Letting $L = L_1 L_2 \cdots L_n$ yields the result, $A=LL^T$, after noting the the product of lower triangular matrices is lower triangular.

Example

This comes from statistics. Consider the overdetermined system:

A = [1 2; 3 5; 4 7; 1 8]

4x2 Array{Int64,2}:
 1  2
 3  5
 4  7
 1  8

b = [1,2,3,4]

4-element Array{Int64,1}:
 1
 2
 3
 4

The system $Ax=b$ has no solutions. However, this system will:

$$~ (A^T A) x = A^T b ~$$

(Assuming $A^TA$ is non-singular, we have it is symmetric and positive definite.)

M = A' *A

2x2 Array{Int64,2}:
 27   53
 53  142

So we can take the cholesky decomposition:

U = chol(M)'   # default answer is upper triangular
L = U'

2x2 UpperTriangular{Float64,Array{Float64,2}}:
 5.19615  10.1999 
 0.0       6.16141

So we can solve $LL^Tx = A^T b$. First we solve for $y$ in $Ly=A^Tb$ with:

y = L \ (A'*b)

2-element Array{Float64,1}:
 -16.282 
  10.5495

And then solve $L^Tx = y$:

x = L' \ y

2-element Array{Float64,1}:
 -3.13347
  6.89947

This answer is not the "answer" (as that doesn't exist):

A*x - b

4-element Array{Float64,1}:
  9.66548
 23.097  
 32.7624 
 48.0623

However, it has a property: it is the x with the smallest difference:

norm(A*x - b)

63.3265770219158

sort([norm(A*rand(2) - b) for _ in 1:10])

10-element Array{Any,1}:
  1.11337
  2.49197
  2.50891
  2.8541 
  3.89776
  4.96715
  5.42795
  5.71885
  7.3971 
 10.695

Why?

(P279) Suppose $Ax=b$ has $A$ being $m \times n$ with $m > n$ and $rank(A) = n$. Then, this will typically have no solutions. In that case, what is sought is a best solution in the sense of minimizing $\| b - Ax \|_2$.
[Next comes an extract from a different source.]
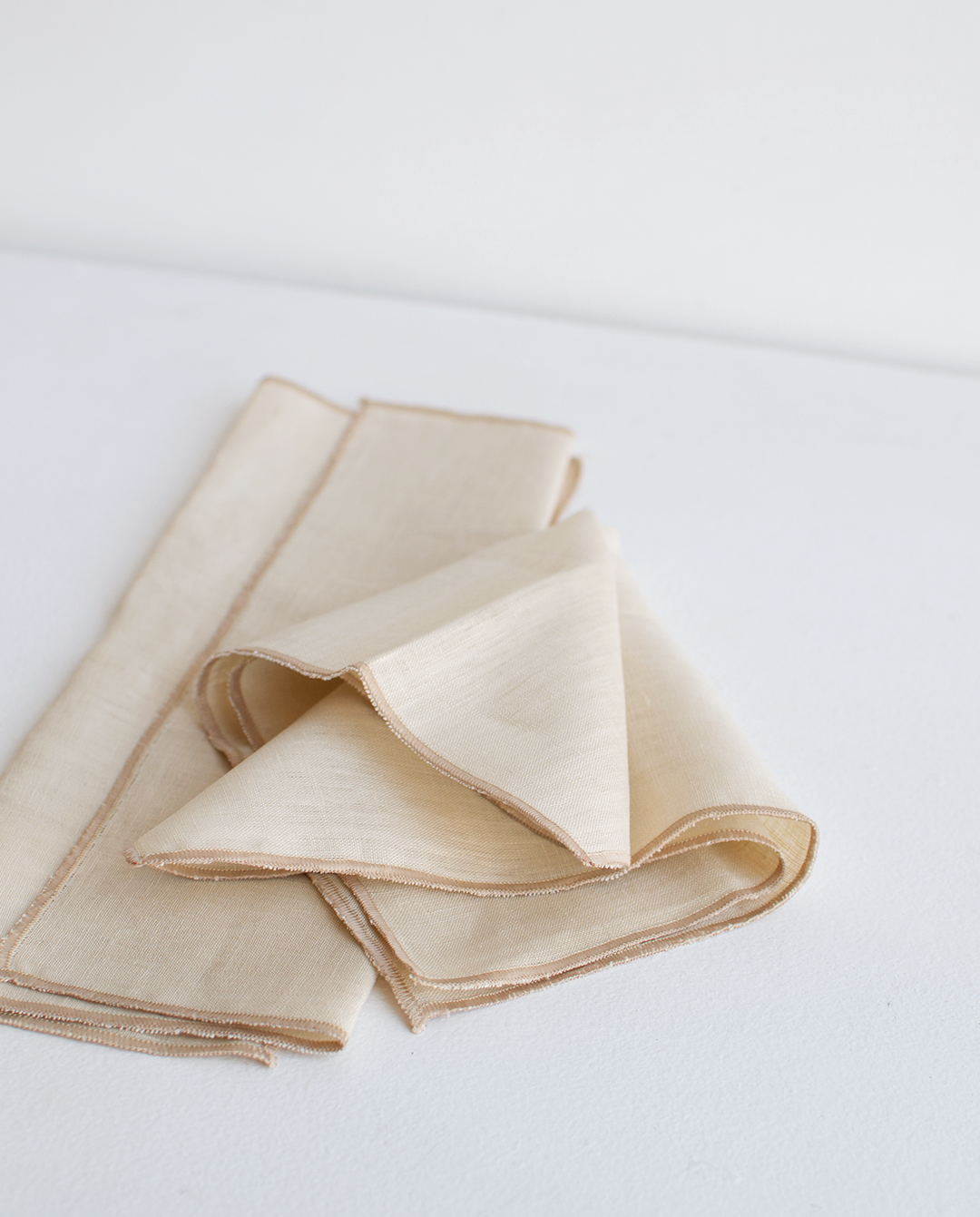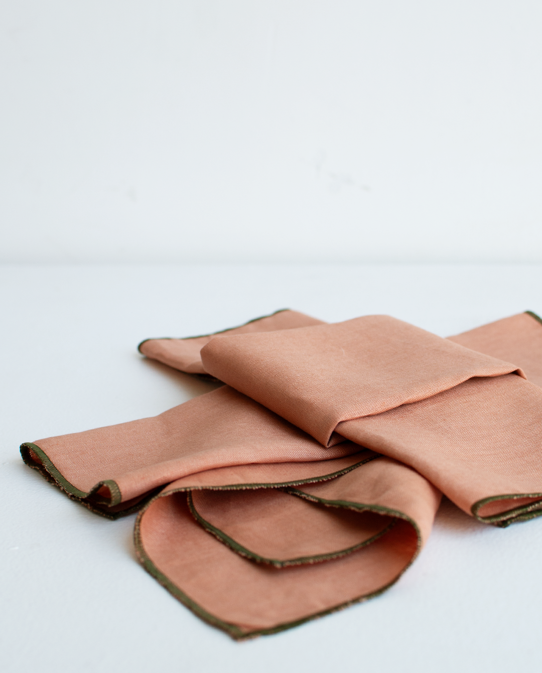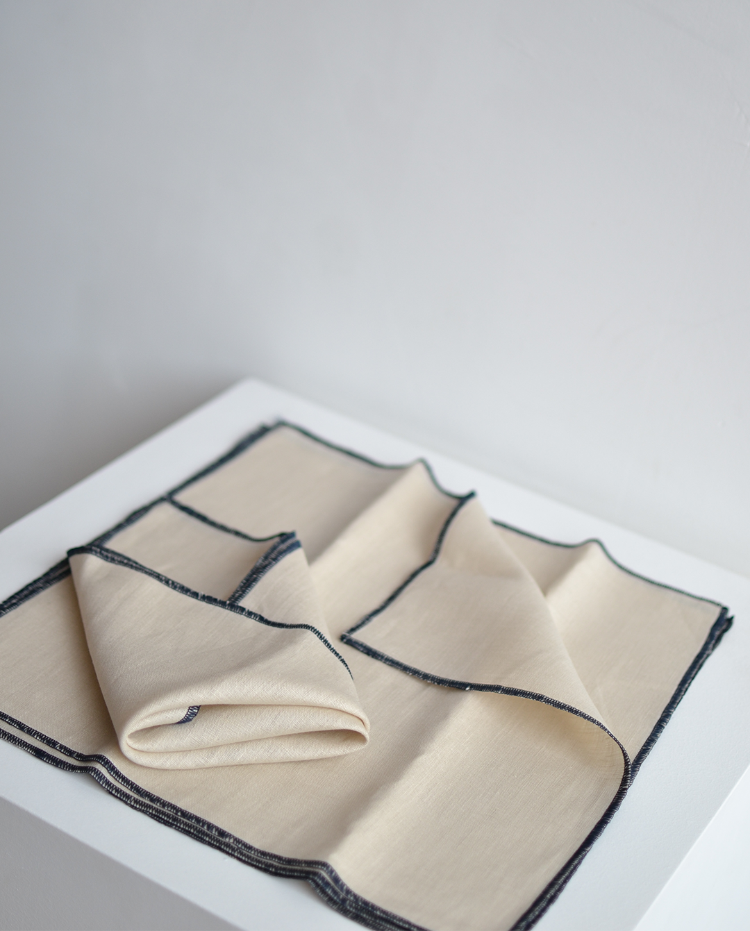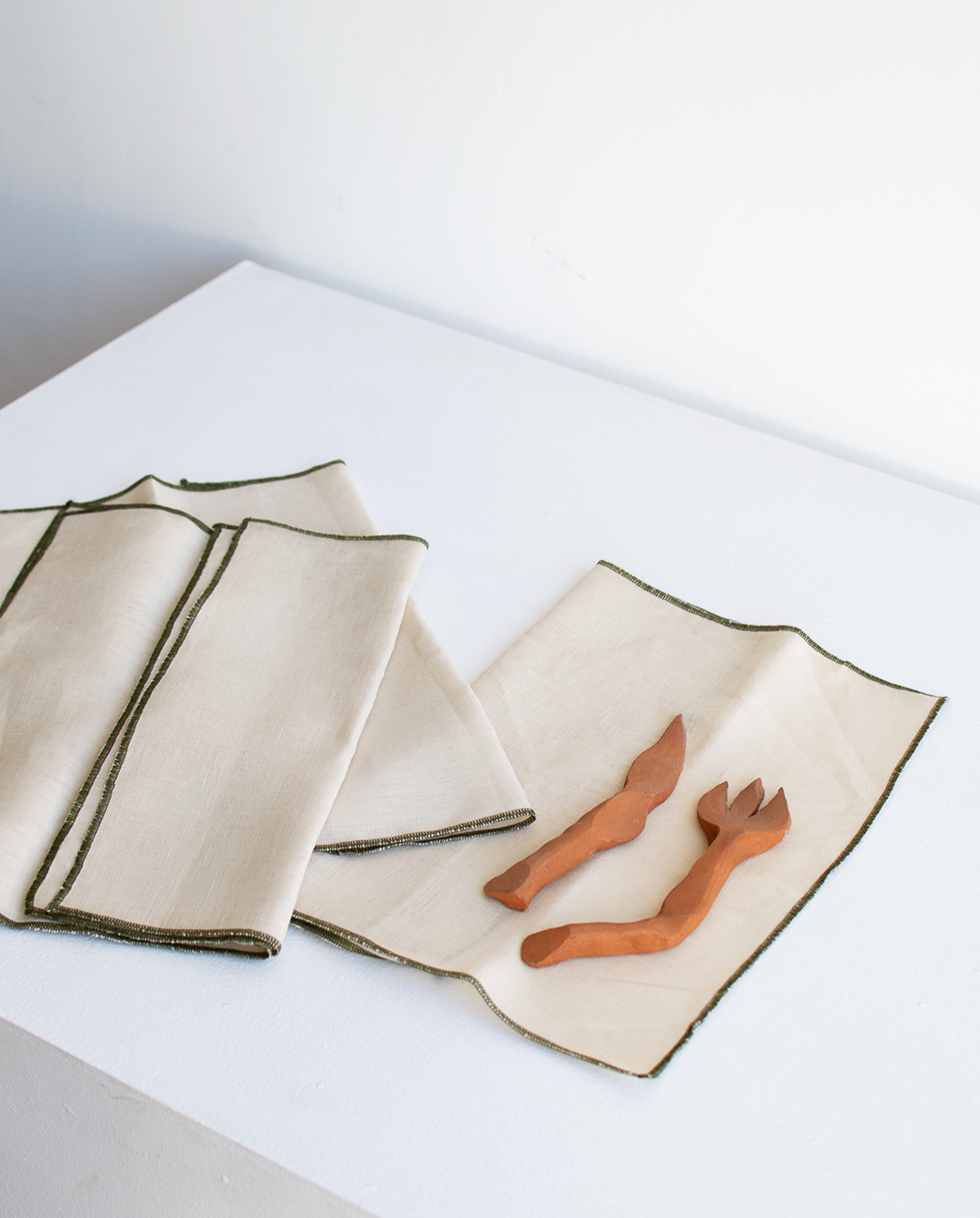 Los portavasos de Cardo Santo están hechos completamente de lino recuperado de la producción de sus batas, brindando nueva vida al residuo textil generado con la creación de nuevas piezas.

Now suppose $x$ solves $A^TAx=A^Tb$, and $y$ is some other value, then

$$~ \begin{align} \|b - Ay\|_2^2 &= \|b - Ax + A(x-y)\|_2^2\\ &= (b - Ax + A(x-y))^T \cdot (b - Ax + A(x-y))\\ &= (b - Ax)^T\cdot (b-Ax) + (b-Ax)^T\cdot (A(x-y)) + (A(x-y))^T \cdot (b-Ax) + (A(x-y)^T) \cdot (A(x-y))\\ &= \| b - Ax \|_2^2 + 0 + 0 + \|A(x-y)\|_2^2\\ &\geq \| b - Ax \|_2^2 \end{align} ~$$

The latter because, $Ax-b$ has a $0$ dot product with vectors in the column space of $A$ (as $A^T(Ax-b)=0$. But $A(x-y)$ is in the column space of $A$. (Any $Az = [A_{\cdot 1} ; A_{\cdot 2} ; \cdots ; A_{\cdot n}] \cdot z = z_1A_{\cdot 1} + z_2A_{\cdot 2} + \cdots + z_n A_{\cdot n}$.) So, the cross terms are 0 and the result holds.